Я хожу по кругу. Скрипит ворот, струится под ногами трос, и медленно уходит, тает на глазах берег. Мы молчим. Кажется, что паром стоит на месте, а плывет только река, только небо и мелкие, с булавочную головку, звезды.
— Спичку жду! — нарушает молчание Филя, и я даю ему прикурить, пряча огонек в сложенных лодочкой ладонях. — Ходи шибче, знобко, поди, в одной бобочке.
Бобочкой он называет и тенниску, и рубашку, и легкую куртку. Ему кажется, что это вполне городское слово приятно для каждого приезжего.
Я хожу за воротом, а Филя курит, и огонек его папиросы выписывает во тьме затейливые рисунки. Люди на том берегу уже не кричат, и порою кажется, что плывем мы куда-то далеко-далеко в заповедную синь и мглу ночи. От воды поднимается пар, гулко ухают за кормой гулены-рыбы, и далеко по реке разносится приглушенный плеск и хохоток.
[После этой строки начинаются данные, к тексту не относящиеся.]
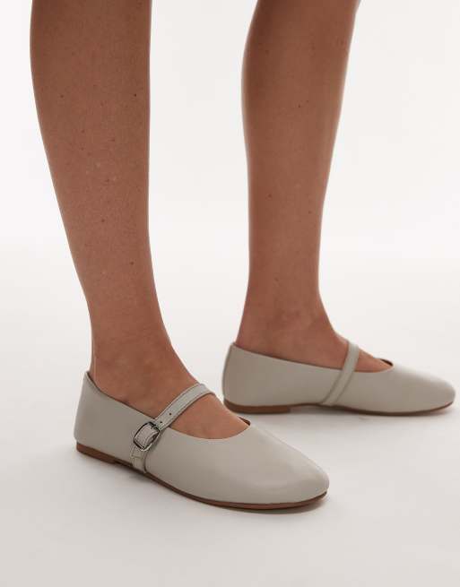 Bailarinas blanco hueso planas y fruncidas con hebilla de cuero auténtico Ash de Topshop
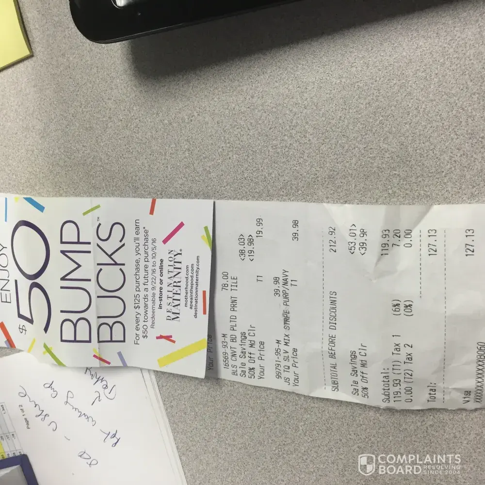 Well, to start with my experience, I went to Simpsonville Outlet mall in the end of August to buy some maternity wear at Destination Maternity store. This is a sister store of Motherhood Maternity. I bought clothes worth $119 and with taxes it came to total $ 127.I was given a $ 50 worth Bump Bucks coupon that is valid to use from Sep 22, 2016 thru Oct 5, 2016. I was also told that I could redeem this coupon in Motherhood Maternity store in Oxmoor mall. So, when the date came to avail my coupon, I went to Motherhood Maternity in oxmoor mall to buy some more. When I entered the store, a lady came by to greet me and asked if I needed any help. I showed her the Bump Bucks coupon and confirmed if I can use it here. After she said that i could, I started shopping and went for billing. At the billing, another lady said that i could only use the coupon if I spend additional $125 that day (the former lady with whom I confirmed was nowhere to be seen). I misunderstood her thinking that I had to spend again since I had not bought this coupon in their store.

— Бабы на ольхах тело нежат, — замечает Филя. — Вечерняя вода что парное молоко, кожу молодит. А ты, голубок, шибче ходи, шибче. Люди-то заждалися… — И без всякого перехода: — Люди, голубок, при большой воде навсегда явственней. Каждый как муха на ладони. Я людей ой-ёй-ёй сколько перевидал. Иному во сне столько не приснится. Я, брат, самого главнейшего художника, как яичко по столу, по реке катал. Со всех сторон его рассмотрел. Мы с ним вроде кумовьев стали. «Ты, говорит, Филя, слышь, ви-кянг». Викянг — я это доподлинно запомнил. На ихнем языке это навроде водяного. А я не обижаюся, я и есть водяной, потому как при реке нашей на службе состою…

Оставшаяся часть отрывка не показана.